The move is the latest in the continuous effort by tech companies to see into the future and stake out new territory as they jostle for customers and try to keep each other at bay.
Social-media juggernaut Facebook failed to acquire Snapchat three years ago and has watched as the upstart and its video Snaps (until now shot only with smartphones) have seized the imagination of the younger crowd. That's one of the reasons -- along with live-streaming products like Twitter's Periscope -- behind Facebook's strong move into video with its Facebook Live feature. Among other things, the Spectacles product adds another element to the video equation.

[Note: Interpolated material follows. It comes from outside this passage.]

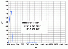 Примечание: Фильтр Baader Planetarium U (350 нм), 2" применим только для фотосъёмки с вебкамерами, CCD-камерами и цифровыми фотоапаратами - визуальные наблюдения с ним невозможны, из-за нечувствительности зрения к ультрафиолету. Для наилучших результатов рекомендуется использовать чувствительную CCD-камеру для, как минимум 5" телескопа, или вебкамеру для 8" телескопа.

The specs can record up to 10 seconds of video from the wearer's perspective. Each tap of a button mounted on the frames records another clip, while a ring of tiny lights lets people know you're recording. The camera-glasses use a 115-degree-angle lens that resembles the human eye's natural field of view, the Journal said.

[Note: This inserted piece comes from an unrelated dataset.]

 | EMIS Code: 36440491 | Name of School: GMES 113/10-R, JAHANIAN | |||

"Spectacles connect directly to Snapchat via Bluetooth or Wi-Fi and transfer your Memories directly into the app in our brand new circular video format [which] plays full screen on any device, in any orientation," Snap Inc. said on its site.
The glasses, which can be recharged in their case, will come in one size and be available on a limited basis. They'll come in three colors -- black, teal and coral -- and, according to the Journal, will cost $129.99 (roughly £100, AU$170).
"We're going to take a slow approach to rolling them out," Spiegel told the paper. "It's about us figuring out if it fits into people's lives and seeing how they like it."
A video ad on the Spectacles site shows a posse of happy millennials enjoying an endless summer to a Beach Boys-y soundtrack -- all while storing up the good vibes via clips shot with the specs.
"Imagine one of your favorite memories," the Snap.com post reads. "What if you could go back and see that memory the way you experienced it?"
The unveiling of the product confirms speculation that followed the leak of a different ad for the glasses, obtained by Business Insider on Friday from a YouTube tipster. It also follows plenty of scuttlebutt about the project.
In 2014, Snapchat bought Vergence Labs, a startup that makes Google Glass-like eyewear that records video of what the wearer sees. In 2015, Snapchat began building Snapchat Research, a team composed of scientists and software engineers specializing in computer vision and machine learning.
In March, CNET's Sean Hollister reported that Snapchat was recruiting hardware experts for a stealthy new project. The social-media firm has never produced physical gear, unless you count merchandise like beach towels and backpacks. It does, however, already count nearly a dozen wearable-technology vets among its ranks.
In addition, Spiegel had been spotted in public wearing prototypes specs.
On any given day, Snapchat reaches 41 percent of all 18- to 34-year-olds in the United States, according to the company.
That's a lot of young consumers that could sport new specs.
First published, September 23, 5:45 p.m. PT.
Update, 8:15 p.m.: Adds information on Snapchat CEO Evan Spiegel's confirmation of Spectacles.
Update, September 24, 9:22 a.m., 12:38 p.m.: Recasts top of story, with material from Snap.com and Spectacles.com websites.